Faced with this overall situation,
the Italian magistracy has responded with great composure but also with great
firmness, trying to make it clear to the public that the constitutional
principles of the autonomy and independence of the judiciary are founding
values in a fully developed democracy. For this reason, although modifications
to the law, aimed at restoring the effective operation of the judicial system
are useful, the judges need to be administered by the CSM alone otherwise their
independence would be compromised.
Instead, a very recent law
(28.3.2002 no. 44) has reduced the number of elected members of the CSM and has
introduced important changes for the election of those members who represent
the magistrates. Previously, there was no differentiation between the twenty
magistrates elected to the CSM and they could be either judges or public
prosecutors.
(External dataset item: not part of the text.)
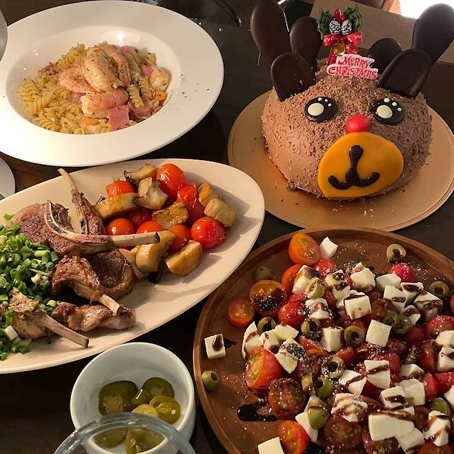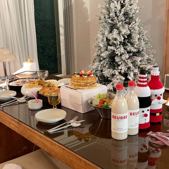 거실 테이블에서 친구들과 했던 연말 파티 모습도 있습니다.

With the new law it has been established that of the sixteen
magistrates elected there must be: two judges from the Supreme Court of
Cassation; four public prosecutors; and ten judges from the Tribunals or the
Courts of Appeal. This system aims at creating a division between the judges
and the public prosecutors and at reducing the role of the CSM in defending the
autonomy and independence of the magistracy.
The National Association of Magistrates,
which 95% of Italian magistrates belong to (about 9000), has taken incisive
action in the last few months to oppose the government’s proposals. In
particular, written statements have been printed and issued (one of which was
published in all the daily papers) together with press releases, meetings of
magistrates have been organised as have conventions and public demonstrations:
for example, as a sign of protest the judges wore their black gowns (normally
worn at court hearings) instead of their red gowns (worn on ceremonial
occasions) at the formal ceremonies held in all the Courts of Appeal to mark
the inauguration of the judicial year.
Unfortunately, so far, all
attempts at establishing a proper dialogue with the Government in order to
avoid laws being approved which would damage the magistracy’s autonomy and
independence have failed. For this reason, on 20.4.2002, the National
Association of Magistrates with the common agreement of all Italian judges
decided – in the course of a crowded
meeting held in Rome – to call a one day strike for 6.6.2002.
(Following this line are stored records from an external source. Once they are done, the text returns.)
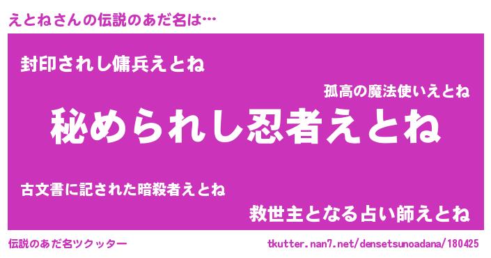 | 意味不明あだ名 | 『えとねフォーエバー』『自称えとね』 |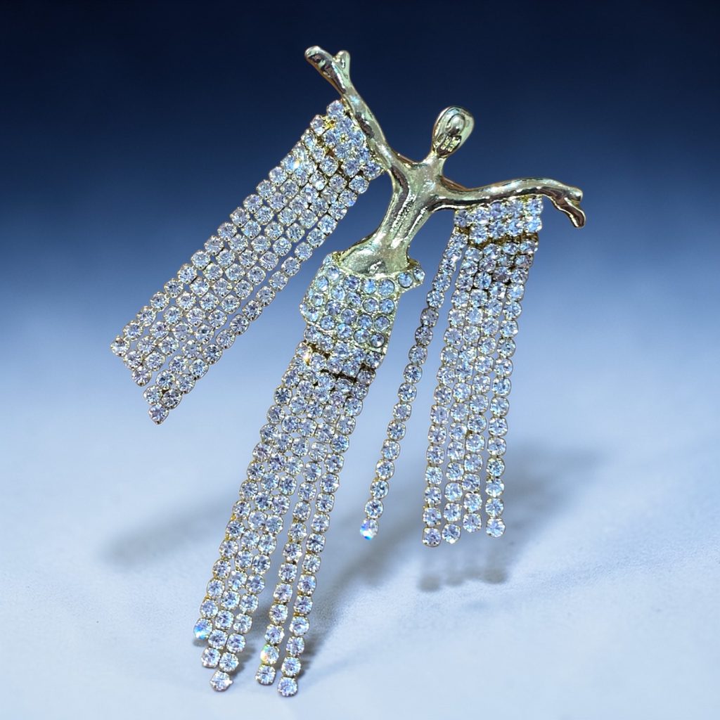 両手をあげた女性のシルエットから、ラインストーンが流れるように揺れるデザイン。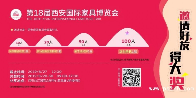 2019年8月28—31日,第十八屆西安國際家具博覽會觀眾預登記現已開通,趕快關注“西安家具博覽會”微信公眾號或點擊上方二維碼進行預報名吧,預報名成功后,將可享受免排隊、免門票,快速入場的福利,期待與您相遇。

The Italian magistrates hope that,
by calling the strike for a somewhat distant date, it will be possible to set
up those talks with the Government which, so far, have been lacking.
The President of the Republic, who
is also the President of the CSM, sent a message to the President of the
National Association of Magistrates on 19.4.2002 restating that he is the
guarantor of the magistrates’ independence and autonomy and he invited the
Government to promptly hold talks with the magistrates. The President of the
Lower House of Parliament, although not agreeing with the magistrates’ decision
to strike, has also made the same request to the Government.
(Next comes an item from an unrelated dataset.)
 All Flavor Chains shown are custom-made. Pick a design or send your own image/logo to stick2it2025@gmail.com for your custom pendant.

The Italian magistrates feel their
professional dignity has been deeply offended and hope that it will be possible
to find suitable solutions by 6.6.2002 so that Italy can continue to be one of
those countries in which the autonomy and independence of the magistracy is
defended best.
Italian magistrates are particularly
grateful for the sensitiveness shown by the UN in addressing these problems,
but want to stress that the Italian situation, although delicate, is not in any
way comparable with that of many countries in the world where rules to defend
the autonomy and independence of the magistracy do not exist.